Did you know that pregnancy and oral health are closely related? Your pregnancy journey can be a daunting one, but it is important to keep your oral health in check during your pregnancy. Dental experts recommend visiting your dentist for a check-up if you are planning to become pregnant or as soon as you find out that you are. Your dentist can then assess your oral health situation and decide how often you need to be seen during your pregnancy. It is important for you to not neglect your teeth and gums during pregnancy.
Your first trimester is usually limited to emergency dental treatment only as the foetus is starting to develop and during your second trimester, non-emergency procedures, are performed. Make sure you let your dentist know that you are pregnant before they proceed with treatments, perform x-rays or prescribe medication. Avoid any treatment later in your third trimester.
It is very important to maintain a healthy, balanced diet during your pregnancy. Your baby’s teeth begin to develop during your second trimester. Make sure you get plenty of nutrients (i.e. – calcium, protein and vitamins A, C and D) from good food and other prenatal vitamins that your physician may recommend.
Dealing with crazy cravings can be a hassle too! Consuming an exorbitant amount of sugar affects your overall health – whether you are pregnant or not. It can have a huge impact on your physical health and when pregnant, you can be at risk of developing ‘Gestational Diabetes’. This develops during pregnancy and usually goes away once your baby is born. If you are diagnosed with this, limit your intake of starchy and sweet foods to help keep your blood sugar levels under control.

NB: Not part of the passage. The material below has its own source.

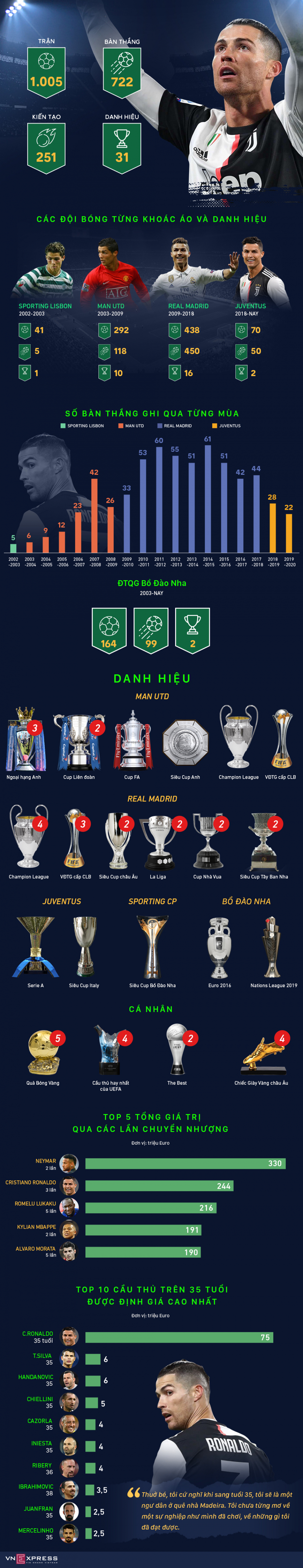 Cristiano Ronaldo sở hữu 31 danh hiệu tập thể, và được định giá cao nhất trong số cầu thủ từ 35 tuổi trở lên.
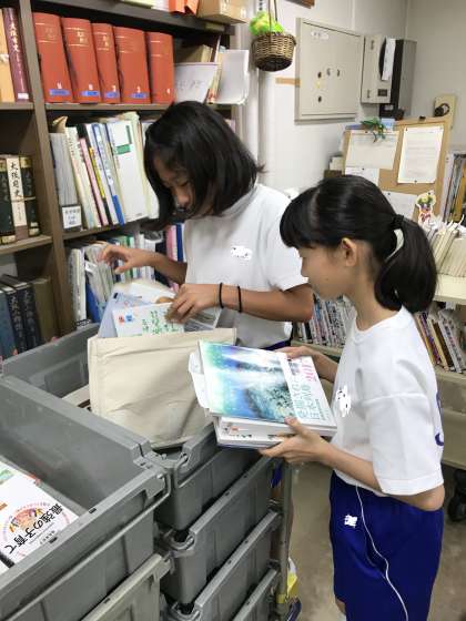 港図書館です。本の貸し出し業務や、本の返却作業、シール張りや梱包作業、たくさんの仕事を経験することができました。貸し出し作業は間違えないかと、とても緊張しました。疲れたけど楽しい2日間でした。

During pregnancy, your elevated hormones can make your gums swell, making it easier for food to get stuck in awkward areas. At this stage, gums are more susceptible to the presence of plaque biofilm causing an inflammation called pregnancy gingivitis. This usually happens around the second or third trimester of pregnancy and is most common to appear at the front of your mouth. You can control this by brushing away the plaque biofilm carefully with a soft-bristled toothbrush. You can use a plaque disclosing agent (dye) to show where the plaque is not being removed properly. Visit your dentist or hygienist for a cleaning to remove any other irritants around your teeth. Your gums should return to normal after your baby is born. The swelling and tendency to bleed is reduced, however, if this does not happen, you should return to your dental professional for further advice and treatment if necessary.
Don’t let the name alarm you! Pregnancy tumors are benign and usually tend to appear during the second trimester of your pregnancy. They look like small red bubbles between your teeth and your dentist can remove them if they are painful or irritable, however, they do tend to vanish after your child is born. Poor oral hygiene is most likely a contributory factor to their development.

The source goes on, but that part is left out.